| Your task |
So that the copy stays text only, transcribe the data below exactly and exclude the images.

| Provided data |

════════

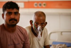 Brijesh Yadav, 28, sits next to his grandfather Suryanath Yadav, 85, who is suffering from breathing difficulties suspected to be heat-related, as he sits on a bed inside a hospital ward in Ballia District in the northern state of Uttar Pradesh, India, June 21, 2023. REUTERS/Adnan Abidi
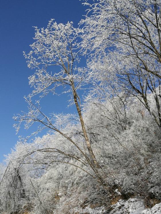 受較強冷空氣影響,秦嶺腹地涼風(fēng)埡山頂,出現(xiàn)大面積霧凇景觀。玉樹瓊枝,晶瑩剔透,讓涼風(fēng)埡山頂變得像童話世界一般,美不勝收。 央視記者王志杰 圖片來源:央視新聞微博
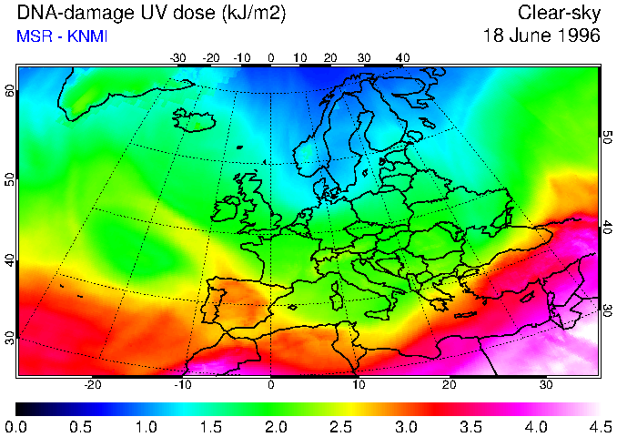 DNA-damage UV dose of 18 June 1996
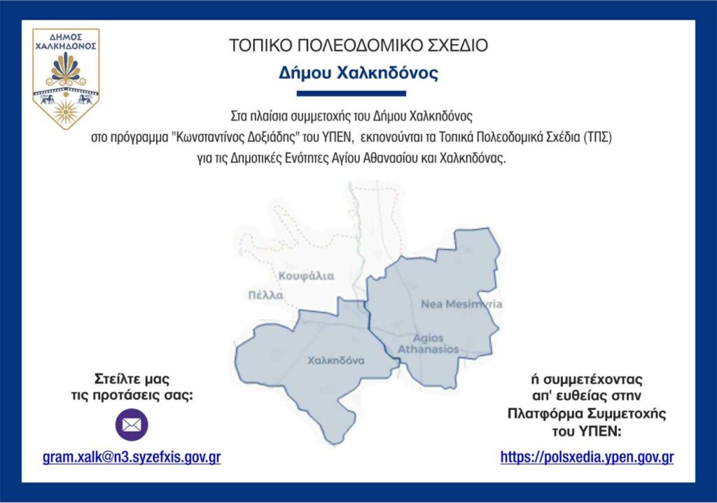 Συμμετοχή του Δήμου Χαλκηδόνος στο πρόγραμμα «Κωνσταντίνος Δοξιάδης» – Εκπόνηση Τοπικών Πολεοδομικών Σχεδίων για τις Δημοτικές Ενότητες Αγίου Αθανασίου και Χαλκηδόνας

════════

| Output |
 Brijesh Yadav, 28, sits next to his grandfather Suryanath Yadav, 85, who is suffering from breathing difficulties suspected to be heat-related, as he sits on a bed inside a hospital ward in Ballia District in the northern state of Uttar Pradesh, India, June 21, 2023. REUTERS/Adnan Abidi
 受較強冷空氣影響,秦嶺腹地涼風(fēng)埡山頂,出現(xiàn)大面積霧凇景觀。玉樹瓊枝,晶瑩剔透,讓涼風(fēng)埡山頂變得像童話世界一般,美不勝收。 央視記者王志杰 圖片來源:央視新聞微博
 DNA-damage UV dose of 18 June 1996
 Συμμετοχή του Δήμου Χαλκηδόνος στο πρόγραμμα «Κωνσταντίνος Δοξιάδης» – Εκπόνηση Τοπικών Πολεοδομικών Σχεδίων για τις Δημοτικές Ενότητες Αγίου Αθανασίου και Χαλκηδόνας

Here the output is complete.